Ambient Conditions and Recondensation

Suppose the ambient temperature is 35°C and the pressure is 2 bar (30psi). During the day, everything will work fine. At night, the temperature falls to, say, 20°C. Remember that LPG in India is a mixture of butane and propane, with a 50:50 proportion. At 35°C, the vapour pressure is 62 psi, much above the actual line pressure of 30psi. So LPG in the line is entirely in the vapour phase. At night, at 20°C, butane in the mixture starts forming liquid because the saturation pressure of butane at that temperature is about 16 psi. The actual pressure is thirty psi, much above the saturation pressure of butane. Some butane vapour becomes liquid in the form of droplets. This process is called “recondensation”. These droplets flow with vapour. They can damage the secondary regulator and also create hazardous situations at the burner. Under such situations, the line pressure must be reduced to 1 bar if possible. But it may not be possible if the line is long, and installing a liquid trap before the secondary regulator will be necessary.

This example explains how the phase change takes place automatically under varying ambient conditions and can create problems for the user.

Charts available in different data books show the saturation pressure of propane, butane, and their mixtures in varying proportions at different temperatures. Vapour pressure in lines should always be maintained to suit the possible low ambient temperature at that location.

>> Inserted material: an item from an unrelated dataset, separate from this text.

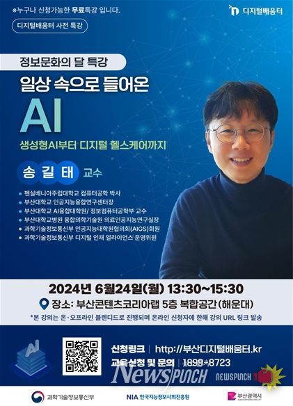 ‘인공지능 특강’은 전국 5개 권역에서 릴레이로 진행된다. 부산에서는 6월 24일 부산콘텐츠코리아랩에서 ‘일상 속으로 들어온 인공지능(AI)’이라는 주제로 생성형 인공지능(AI)과 디지털 헬스케어 관련 내용으로 부산대 인공지능융합연구센터장 송길태 교수가 강의한다.
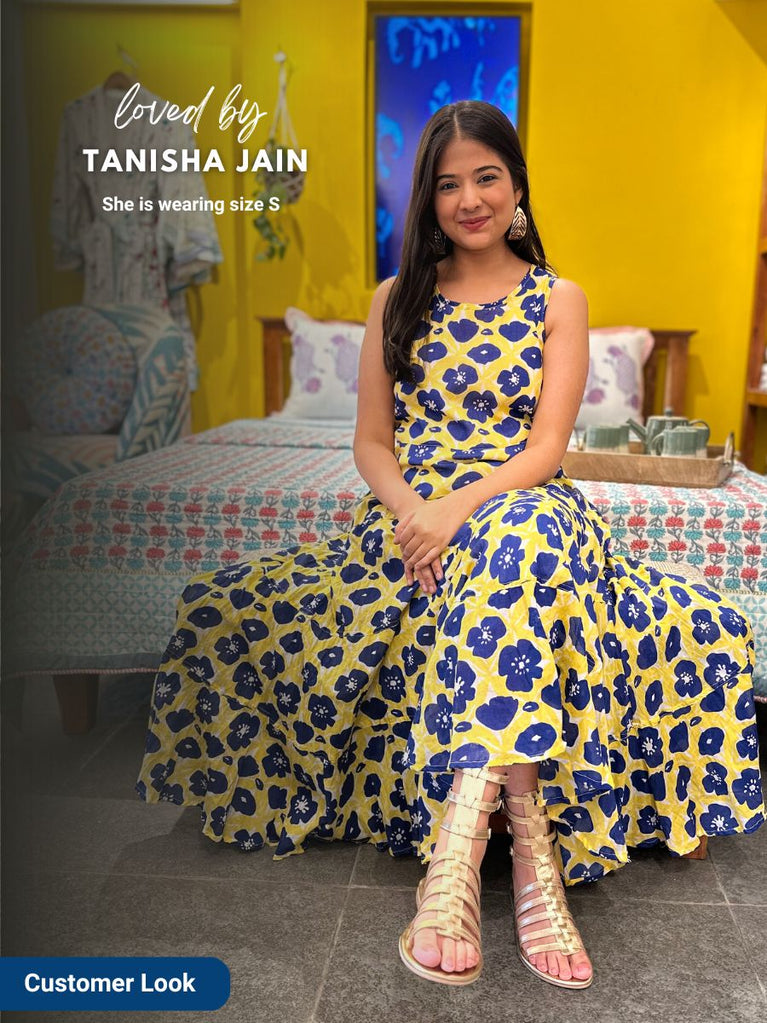 Blouse: Su, the model is wearing size S of blouse from our in house collection. To view similar blouses

One more possible solution is to use 100% propane instead of a P and B mixture. Even at 0°C, it will be in the vapour phase and have a pressure of about 50 psi. But remember, the storage installation must have been designed for propane. You cannot fill propane in a storage tank designed for a P, B mixture. Propane is used in all cold countries, not LPG, a mixture of P and B. In those countries and in Australia, P means propane in the short form of LPG, unlike in India, where P stands for petroleum.

Latent Heat of Vaporization

One more term I wish to introduce here. You are very much familiar with the term boiling point. It is also commonly used for the saturation temperature pressure concept. The boiling point of a liquid at the given pressure is the temperature at which it starts converting into vapour. The temperature remains constant. The heat you add at this stage is called the latent heat of vaporization. The values for P and B are available in data books.

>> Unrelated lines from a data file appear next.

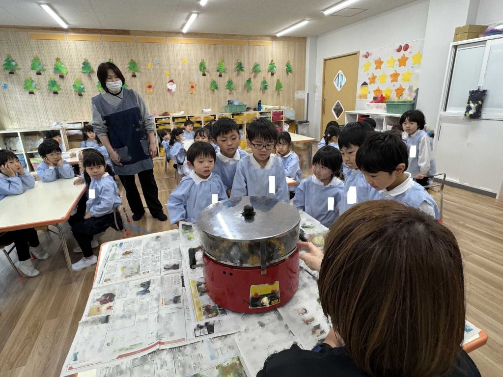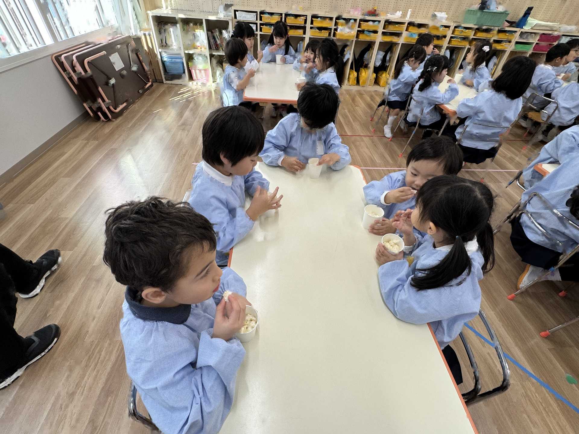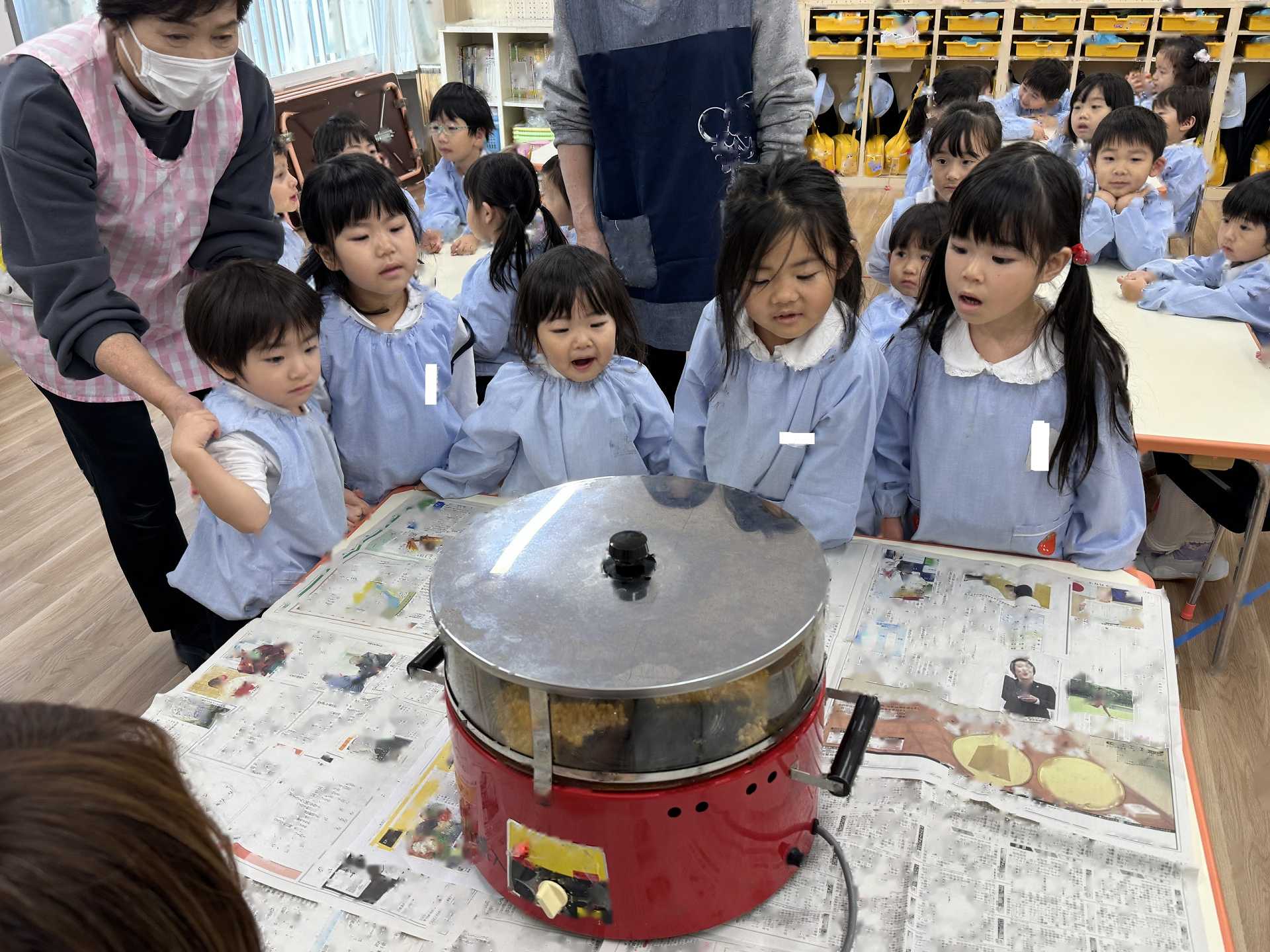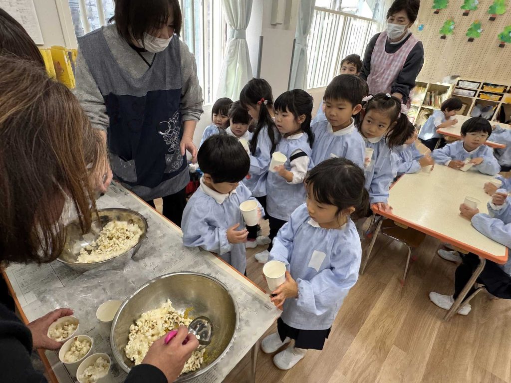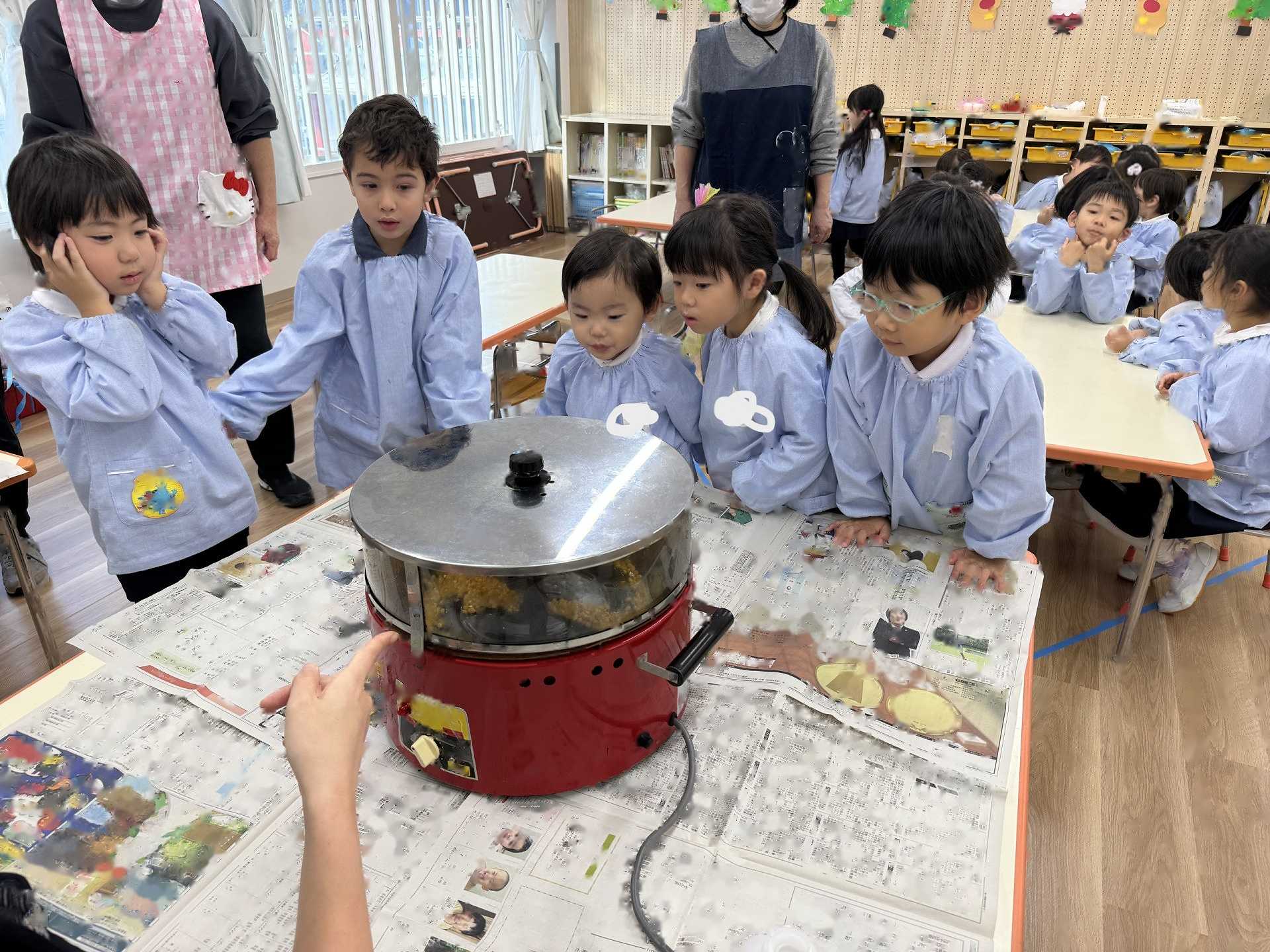 発表会では大勢のお客さまの前で素敵な姿を見せてくれた子ども達!ゆり組・りんご組一緒に発表会頑張りましたご褒美クッキングでポップコーンを食べました!ポップコーンは何からできるの?と聞かれると「コーン!!」「かたいやつ!」と何からポップコーンができるのかよく知っていました
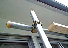 | クランプ交換・・・・・・ | 昨日、取り付けた UVカット オーニング&スクリーンを取り付けている 足場パイプのクランプを交換しました。
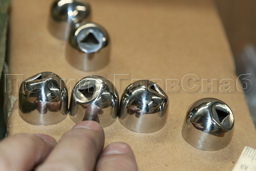 Наконечник палец (солдатик) на стойку из профильной трубы 40х40х1.5 мм, литой, усеченный, облегченный, полированный, нержавеющий AISI 304 k285-2 купить в Екатеринбурге
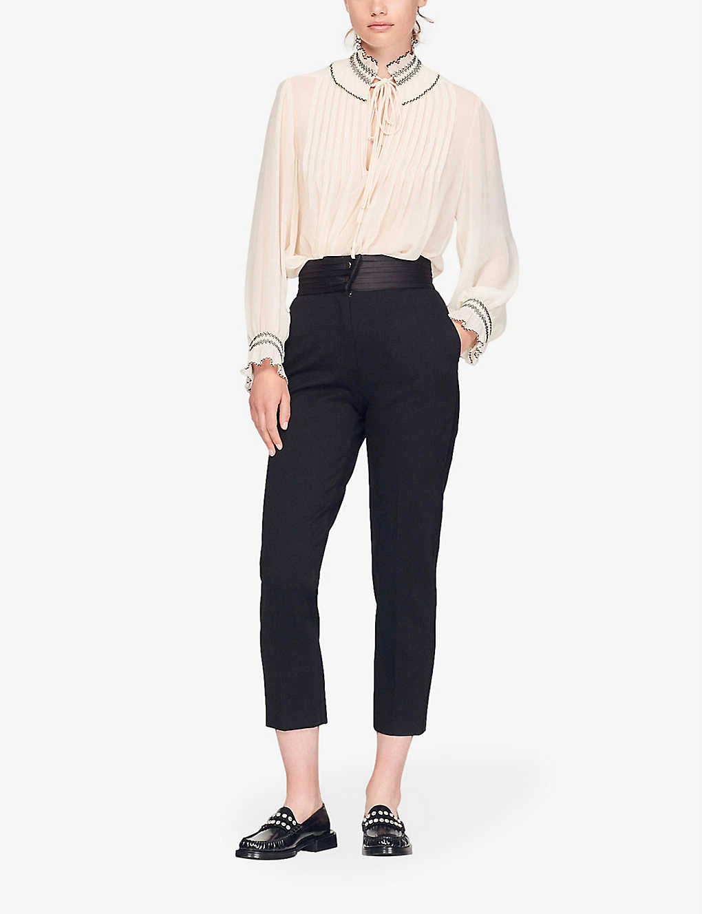 Sandro High-rise Satin-waist Stretch-woven Trousers

As per physics basics, the boiling point of any liquid increases when the pressure increases.

Water can boil at 100°C under normal ambient pressure, but in boilers, even at a low pressure of 2 bars, the water temperature can reach 120°C. It’s important to understand what liquefiable gases are, their saturation temperature and pressure (vapour pressure), and that propane and butane are examples of such gases. These gases exist in two phases simultaneously in any container at ambient temperature and pressure, with the gaseous phase above the liquid phase, called vapour. Any liquid, when converted to a gaseous phase at ambient temperature, generates vapour and is referred to as a volatile liquid. Permanent gases, however, cannot exist in a liquid phase under ambient conditions and are referred to as gas.

Challenges with Gas Supply

When someone says “Gas supply bandh hai” or “Gas pressure bahut kam hai,” it means there’s a problem with the gas supply, but it shouldn’t matter as long as the understanding is clear. The equilibrium is disturbed when the surrounding temperature changes. An increase in temperature causes the liquid in the container to expand, compressing the vapour above it. Some of the liquid is converted to vapour, requiring more volume and increasing the container pressure. The increased pressure tries to convert some vapour back into a liquid, and finally, equilibrium is reached.

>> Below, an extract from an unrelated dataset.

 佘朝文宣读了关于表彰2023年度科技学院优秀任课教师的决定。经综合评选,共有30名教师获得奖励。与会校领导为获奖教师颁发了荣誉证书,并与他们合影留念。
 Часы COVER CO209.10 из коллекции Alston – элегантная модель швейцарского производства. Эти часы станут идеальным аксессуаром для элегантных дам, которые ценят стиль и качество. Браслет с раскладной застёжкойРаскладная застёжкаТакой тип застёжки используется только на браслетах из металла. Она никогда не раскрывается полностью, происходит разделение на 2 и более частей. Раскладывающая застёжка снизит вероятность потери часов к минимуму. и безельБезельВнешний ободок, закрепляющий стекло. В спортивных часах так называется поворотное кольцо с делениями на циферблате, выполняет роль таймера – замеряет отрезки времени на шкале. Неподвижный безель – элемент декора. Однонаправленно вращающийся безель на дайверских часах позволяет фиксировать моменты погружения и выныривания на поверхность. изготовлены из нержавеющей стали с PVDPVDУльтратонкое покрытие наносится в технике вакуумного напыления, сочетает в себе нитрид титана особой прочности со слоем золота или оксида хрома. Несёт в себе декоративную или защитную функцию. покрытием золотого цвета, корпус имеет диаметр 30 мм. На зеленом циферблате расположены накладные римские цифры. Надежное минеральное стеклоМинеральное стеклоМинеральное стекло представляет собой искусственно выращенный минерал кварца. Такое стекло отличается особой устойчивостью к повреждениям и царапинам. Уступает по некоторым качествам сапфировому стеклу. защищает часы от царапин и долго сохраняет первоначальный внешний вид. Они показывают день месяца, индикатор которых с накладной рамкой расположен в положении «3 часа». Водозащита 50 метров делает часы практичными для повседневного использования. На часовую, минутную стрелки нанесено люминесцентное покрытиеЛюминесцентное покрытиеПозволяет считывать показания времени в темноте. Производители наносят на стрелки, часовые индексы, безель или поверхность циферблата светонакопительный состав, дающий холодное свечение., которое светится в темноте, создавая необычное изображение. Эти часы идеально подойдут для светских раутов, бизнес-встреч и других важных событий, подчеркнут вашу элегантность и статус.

In most applications, the vapour is removed from the container for consumption, which disturbs the equilibrium due to the reduction in pressure. The above-described process starts to restore equilibrium, and the saturation temperature is less for reduced pressure, causing the liquid to start boiling. Heat is required for boiling, and when any liquid is heated, it absorbs and stores that heat, which is automatically used for boiling. Since this heat is used up, its temperature falls below ambient, and heat starts flowing into it from the surrounding through the container walls. Walls cool down, condensing water vapour from the air, resulting in the phenomenon called “Sweating.” The temperature of the liquid in the container drops, and in practice, it can be cooler by 10 to 15°C than ambient.

Another effect of vapour withdrawal is a drop in tank pressure below its vapour pressure at ambient temperature, indicating that more vapour is being removed than can form by natural vapourization. The solution is to reduce consumption or stop using this container (tank) and use another tank if installed. If this is a regular problem, a vaporizer must be installed. Similar to vapour removal, equilibrium is disturbed when liquid is removed from the container, such as in the case of LOT installation or when using a vaporizer. The vapour automatically expands to occupy the additional available volume, causing the pressure in the container to drop, and the flow may reduce, but this is less severe compared to vapour removal.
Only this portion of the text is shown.